There's just something about how Lestat starts off his vampirism so morally uncomplicated, so easy to root for, comically good natured. what a good boy! what an upstanding young man! he's only killing cutthroats and murderers! he's dressing Like That so that highwaymen try to kill him first! he's sending money home to ma!! and the family! IMMEDIATELY! he doesn't even like his family and they don't love him! he pays off his old boss's debts! he pays his boyfriend's nicer rent! buys him violin lessons! does all this at a distance because he doesn't want it to be emotionally awful for them. he's constantly contemplating the nature of goodness and what that might mean!
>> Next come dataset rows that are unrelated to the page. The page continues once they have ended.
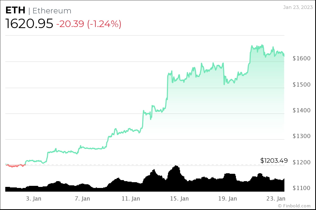 Ethereum ($ETH), is now trading in the green above $1,600 after a solid start to 2023 after beginning the year at $1,197.
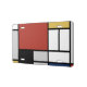 Piet Mondrian began to create the definitive abstract paintings in the 1920s for which he is best known for. He kept his palette limited to white, black, and gray in addition to the three primary colors, red, yellow, and blue. His compositions constructed from thick, black horizontal and vertical lines that outline the various rectangles of color. This was the simplification of the pictorial elements, essential for Mondrian's creation of new abstract art. The assortment of blocks of color and lines differing in width creates a sense of rhythm that flows across the canvas, echoing that of modern life. This asymmetrical piece, Composition with Large Red Plane, Yellow, Black, Gray, and Blue, originally painted in 1921 features one large dominant block of color, in this painting red, a common theme seen in his later works. This is balanced by the distribution of the smaller blocks of yellow, blue-gray, and white.
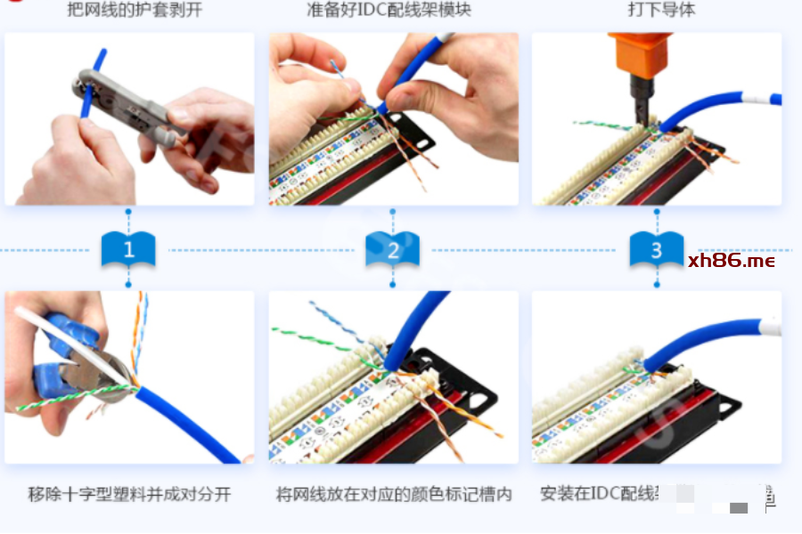 如上图所示,110配线架的打线步骤包括:剥开网线的护套、移除十字型塑料并成对分开、准备好IDC配线架模块、将网线放在对应的颜色标记槽内、打下导体、安装在IDC配线架模块上。以下是110配线架的打线注意事项:
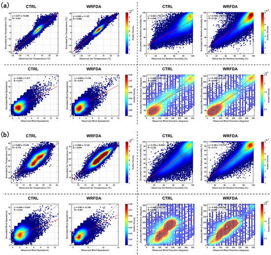 Figure 4 shows the observed–simulated scatter density plots of meteorological variables for (a) February and (b) June, representing winter and summer, respectively. The figure uses color to represent the density distribution of data points within specific regions. The dashed black line (1:1 reference line) and solid red line (linear regression fit) are employed to assess system bias. The results indicate that temperature field forecasts were significantly improved after the introduction of data assimilation. In winter, the correlation coefficient for the T2 increased from 0.941 to 0.968, and the regression slope rose from 0.971 to 0.982, reflecting better simulation-observation and reduced systematic bias. In summer, the improvement in T2 was more pronounced, with the correlation coefficient increasing by 13.3%; the high-density core region, previously located below the reference line (indicating overestimation), shifted back toward the reference line, indicating a strong constraint of the assimilation system on the summer temperature field.
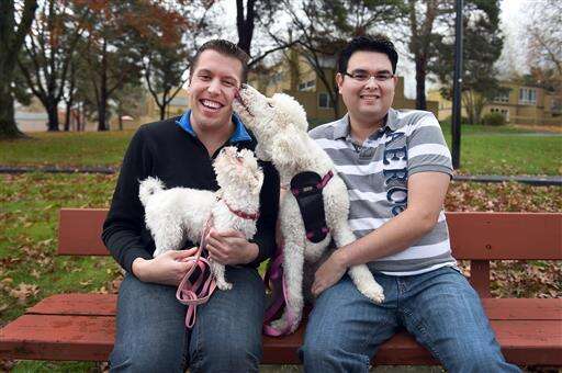 In this Nov. 28, 2015 photo, Jeremy Mark, left, and David Beltier, sit with their dogs, Beauty and Princess, near their home in Hillsboro, Ore. In March 2013, Beltier was walking with boyfriend Mark, and their poodle when a man in a truck began yelling homophobic slurs at the pair, got out of his truck and began punching Beltier. The man, leaving at one point to grab a metal tool from the truck and hit Beltier again in the head, was later charged with state and federal hate crimes. Yet what happened to Beltier was never included in the FBI's national hate crimes report because the Hillsboro Police Department was among those found to be not reporting to the FBI during the six-year period of 2009-2014 examined by The Associated Press. (AP Photo/Steve Dykes)
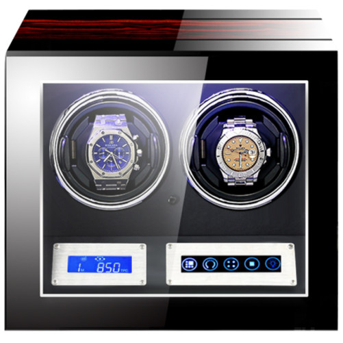 Watch Winder-ul functioneaza cu cinci programe de rotatie, care pot fi selectate de pe ecranul LCD cu touch screen din interior sau prin telecomanda:
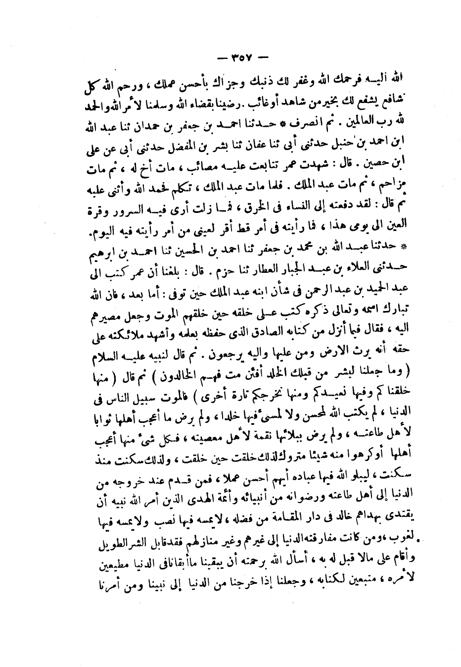 حَدَّثَنَا عَبْدُ اللهِ بْنُ مُحَمَّدِ بْنِ جَعْفَرٍ، ثنا أَحْمَدُ بْنُ الْحُسَيْنِ، ثنا أَحْمَدُ بْنُ إِبْرَاهِيمَ، حَدَّثَنِي الْعَلَاءُ بْنُ عَبْدِ الْجَبَّارِ الْعَطَّارُ، ثنا حَزْمٌ قَالَ: بَلَغَنَا أَنَّ عُمَرَ، كَتَبَ إِلَى عَبْدِ الْحَمِيدِ بْنِ عَبْدِ الرَّحْمَنِ فِي شَأْنِ ابْنِهِ عَبْدِ الْمَلِكِ حِينَ تُوُفِّيَ: " أَمَّا بَعْدُ، فَإِنَّ اللهَ تَبَارَكَ اسْمُهُ، وَتَعَالَى ذِكْرُهُ §كَتَبَ عَلَى خَلْقِهِ حِينَ خَلَقَهُمُ الْمَوْتَ، وَجَعَلَ مَصِيرَهُمْ إِلَيْهِ، فَقَالَ فِيمَا أَنْزَلَ مِنْ كِتَابِهِ الصَّادِقِ الَّذِي حِفِظَهُ بِعِلْمِهِ، وَأَشْهَدَ مَلَائِكَتَهُ عَلَى حَقِّهِ، أَنَّهُ يَرِثُ الْأَرْضَ وَمَنْ عَلَيْهَا وَإِلَيْهِ يُرْجَعُونَ. ثُمَّ قَالَ لِنَبِيِّهِ عَلَيْهِ السَّلَامُ: {وَمَا جَعَلْنَا لِبَشَرٍ مِنْ قَبْلِكَ الْخُلْدُ أَفَإِنْ مُتَّ فَهُمُ الْخَالِدُونَ} [الأنبياء: 34]. ثُمَّ قَالَ: {مِنْهَا خَلَقْنَاكُمْ وَفِيهَا نُعِيدُكُمْ وَمِنْهَا نُخْرِجُكُمْ تَارَةً أُخْرَى} [طه: 55]. فَالْمَوْتُ سَبِيلُ النَّاسِ فِي الدُّنْيَا، لَمْ يَكْتُبِ اللهُ لِمُحْسِنٍ وَلَا لِمُسِيءٍ فِيهَا خُلْدًا، وَلَمْ يَرْضَ مَا أَعْجَبَ أَهْلَهَا ثَوَابًا لِأَهْلِ طَاعَتِهِ، وَلَمْ يَرْضَ بِبَلَائِهَا نِقْمَةً لِأَهْلِ مَعْصِيتِهِ، فَكُلُّ شَيْءٍ مِنْهَا أَعْجَبَ أَهْلَهَا أَوْ كَرِهُوا مِنْهُ شَيْئًا مَتْرُوكٌ، لِذَلِكَ خُلِقَتْ حِينَ خُلِقَتْ، وَلِذَلِكَ سُكِنَتْ مُنْذُ سُكِنَتْ، لِيَبْلُوَ اللهُ فِيهَا عِبَادَهُ أَيُّهُمْ أَحْسَنُ عَمَلًا، فَمَنْ قَدِمَ عِنْدَ خُرُوجِهِ مِنَ الدُّنْيَا إِلَى أَهْلِ طَاعَتِهِ وَرِضْوَانِهِ مِنْ أَنْبِيَائِهِ وَأَئِمَّةِ الْهُدَى الَّذِينَ أَمَرَ اللهُ نَبِيَّهُ أَنْ يَقْتَدِيَ بِهُدَاهُمْ خَالِدٌ فِي دَارِ الْمُقَامَةِ مِنْ فَضْلِهِ، لَا يَمَسُّهُ فِيهَا نَصَبٌ وَلَا يَمَسُّهُ فِيهَا لُغُوبٌ، وَمَنْ كَانَتْ مُفَارَقَتُهُ الدُّنْيَا إِلَى غَيْرِهِمْ وَغَيْرِ مَنَازِلِهِمْ فَقَدْ قَابَلَ الشَّرَّ الطَّوِيلَ، وَأَقَامَ عَلَى مَا لَا قِبَلَ لَهُ بِهِ، أَسْأَلُ اللهَ بِرَحْمَتِهِ أَنْ يُبْقِيَنَا مَا أَبْقَانَا فِي الدُّنْيَا مُطِيعِينَ لَأَمْرِهِ، مُتَّبِعِينَ لِكِتَابِهِ، وَجَعَلَنَا إِذَا خَرَجْنَا مِنَ الدُّنْيَا إِلَى نَبِيِّنَا وَمَنْ أَمَرَنَا -[358]- أَنْ نَقْتَدِيَ بِهُدَاهُ مِنَ الْمُصْطَفَيْنَ الْأَخْيَارِ، وَأَسْأَلُهُ بِرَحْمَتِهِ أَنْ يَقِيَنَا أَعْمَالَ السُّوءِ فِي الدُّنْيَا، وَالسَّيِّئَاتِ يَوْمَ الْقِيَامَةِ. ثُمَّ إِنَّ عَبْدَ الْمَلِكِ ابْنِ أَمِيرِ الْمُؤْمِنِينَ كَانَ عَبْدًا مِنْ عِبَادِ اللهِ، أَحْسَنَ اللهُ إِلَيْهِ فِي نَفْسِهِ، وَأَحْسَنَ إِلَى أَبِيهِ فِيهِ، أَعَاشَهُ اللهُ مَا أَحَبَّ أَنْ يُعِيشَهُ، ثُمَّ قَبَضَهُ إِلَيْهِ حِينَ أَحَبَّ أَنْ يَقْبِضَهُ، وَهُوَ فِيمَا عَلِمْتُ بِالْمَوْتِ مُغْتَبِطٌ، يَرْجُو فِيهِ مِنَ اللهِ رَجَاءً حَسَنًا، فَأَعُوذُ بِاللهِ أَنْ تَكُونَ لِي مَحَبَّةٌ فِي شَيْءٍ مِنَ الْأُمُورِ تُخَالِفُ مَحَبَّةَ اللهِ، فَإِنَّ خِلَافَ ذَلِكَ لَا يَصْلُحُ فِي بَلَائِهِ عِنْدِي وَإِحْسَانِهِ إِلَيَّ، وَنِعْمَتِهِ عَلَيَّ، وَقَدْ قُلْتُ فِيمَا كَانَ مِنْ سَبِيلِهِ، وَالْحَمْدُ لِلَّهِ مَا رَجَوْتُ بِهِ ثَوَابَ اللهِ، وَمَوْعِدَهُ الصَّادِقَ مِنَ الْمَغْفِرَةِ، إِنَّا لِلَّهِ وَإِنَّا إِلَيْهِ رَاجِعُونَ، ثُمَّ لَمْ أَجِدْ وَالْحَمْدُ لِلَّهِ بَعْدَهُ فِي نَفْسِي إِلَّا خَيْرًا مِنْ رِضًي بِقَضَاءِ اللهِ، وَاحْتِسَابٍ لِمَا كَانَ مِنَ الْمُصِيبَةِ، فَحَمْدًا لِلَّهِ عَلَى مَا مَضَى، وَعَلَى مَا بَقِيَ، وَعَلَى كُلِّ حَالٍ مِنْ أَمْرِ الدُّنْيَا وَالْآخِرَةِ. أَحْبَبْتُ أَ
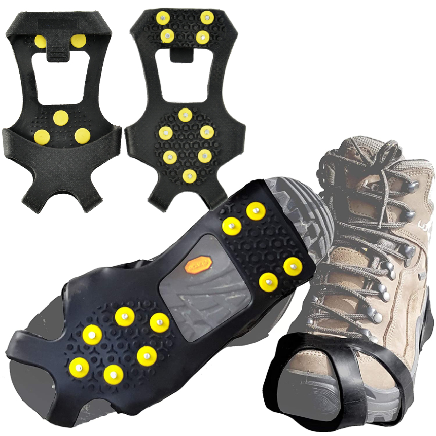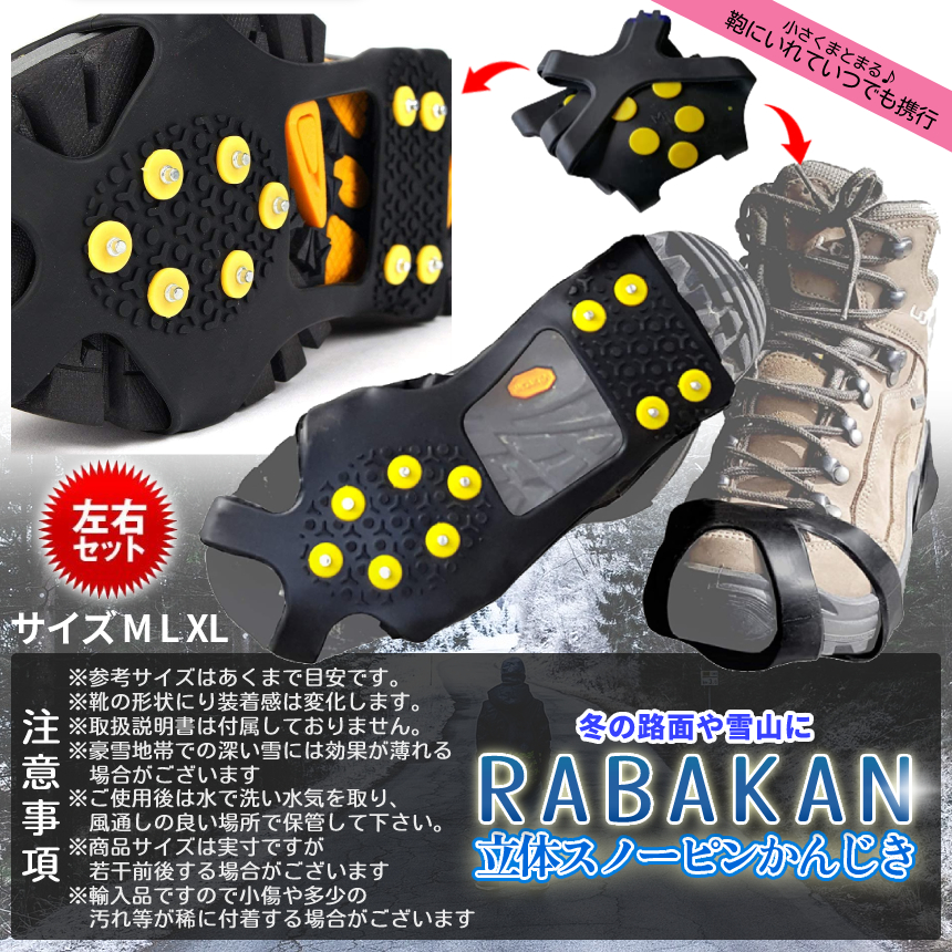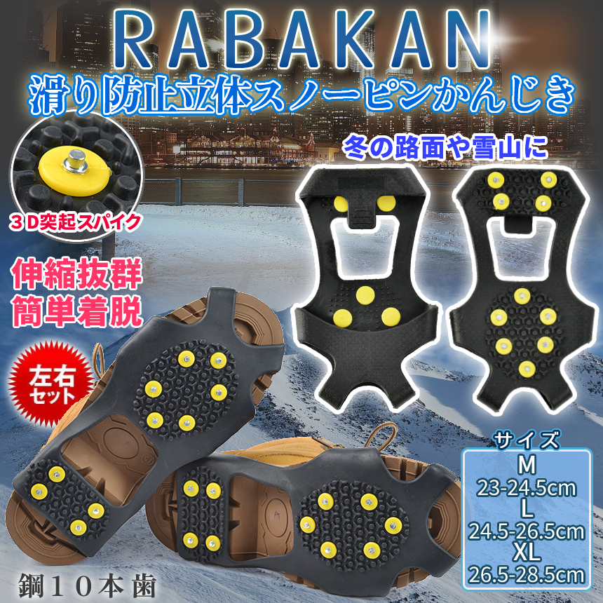 靴 雪道 滑り止め ラバー かんじき スノー スパイク シュー 24.5cm - 28.5cm 10本刃 トレッキング 男女 兼用 ワンタッチ 雪 冬 黒 スニーカー 滑り防止 RABAKAN
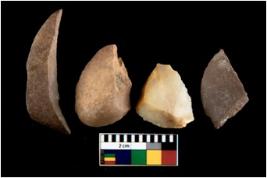 | Description / विवरण | There are n 4 utilized flakes. There are multi directional irregular scar pattern on both dorsal and ventral face of the flakes. two are tapering and two are sharp edges. |
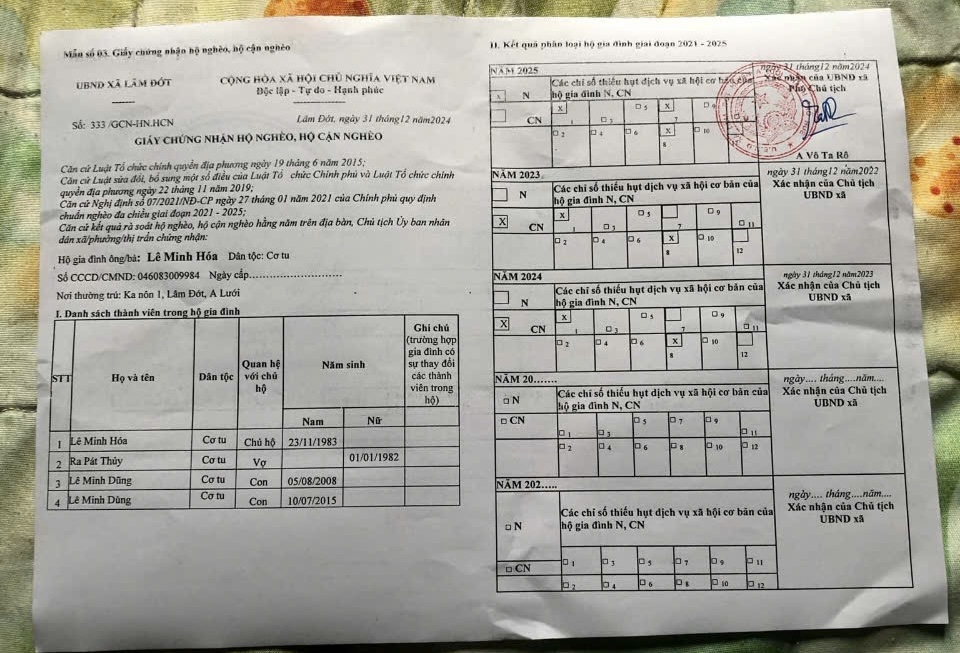 "Hoàn cảnh của anh Lê Minh Hoá, sinh ngày 23/11/1983, trú tại thôn Ka Nôn 1, xã Lâm Đớt, huyện A Lưới, thành phố Huế. Anh Hoá hiện tại đang sống với vợ và hai đứa con. Vợ anh tên là Ra Pát Thị Thủy, sinh năm 1982, nghề nghiệp làm ruộng, không có thu nhập khác; đứa con đầu tên là Lê Minh Dũng, sinh năm 2008, đang đi làm thuê ở Sài Gòn; đứa con sau tên là Lê Minh Dung, sinh năm 2015, đang học lớp 4.
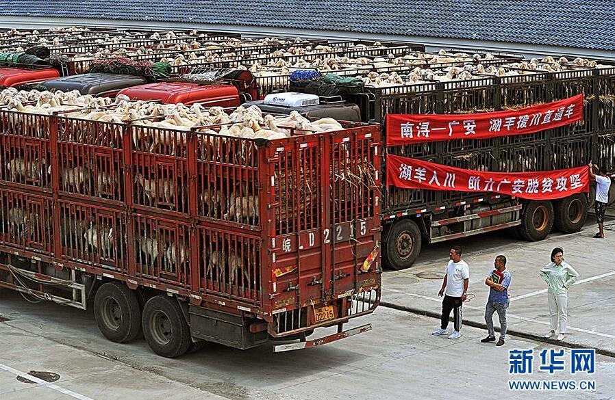 6月7日,裝運湖羊的貨車準備發(fā)車。當日,浙江省湖州市南潯區(qū)湖羊養(yǎng)殖場飼養(yǎng)的五千余頭湖羊啟程運往該區(qū)對口幫扶的四川省廣安市廣安區(qū)。2018年以來,南潯區(qū)依托湖羊養(yǎng)殖產(chǎn)業(yè)優(yōu)勢,積極實施“湖羊入川”和“湖羊致富”工程,向對口幫扶地區(qū)提供優(yōu)質湖羊種羊和湖羊養(yǎng)殖技術指導。截至目前,南潯區(qū)已向廣安等地提供1.2萬余頭扶貧湖羊。新華社記者譚進攝

and then he has one (1) kinda shitty day night and he's killing and eating a mother and child on the sacred grounds of Notre Dame. not because he has to. he does not. not because he isn't in control of his actions. he is. not for the sadistic pleasure of it--there is none--and not to be evil for the sake of evil. a poor woman checks on him, sees his bloody clothes and tries to drag him to safety and get him medical care, because she thinks he's hurt and she wants to help, and Lestat kills her. not out of evil or malice or sadism, but because he chooses to, because he's fully swapped out good vs. evil for aesthetic judgements, because the nature of vampirism itself changes him so fundamentally.
and that's horror. even a man who is pure in heart and says his prayers by night, to steal from another monster genre. there is a fundamental loss there, a change against his will that's nothing to do with superpowers, a change so wide and deep that even as he is aware of it, he isn't really alarmed. he just reasons his way through it. and the audience cheers for him, of course. but nothing he does is justified. and that's the horror of it, too, that a monster could be so likable and yet so fundamentally alien.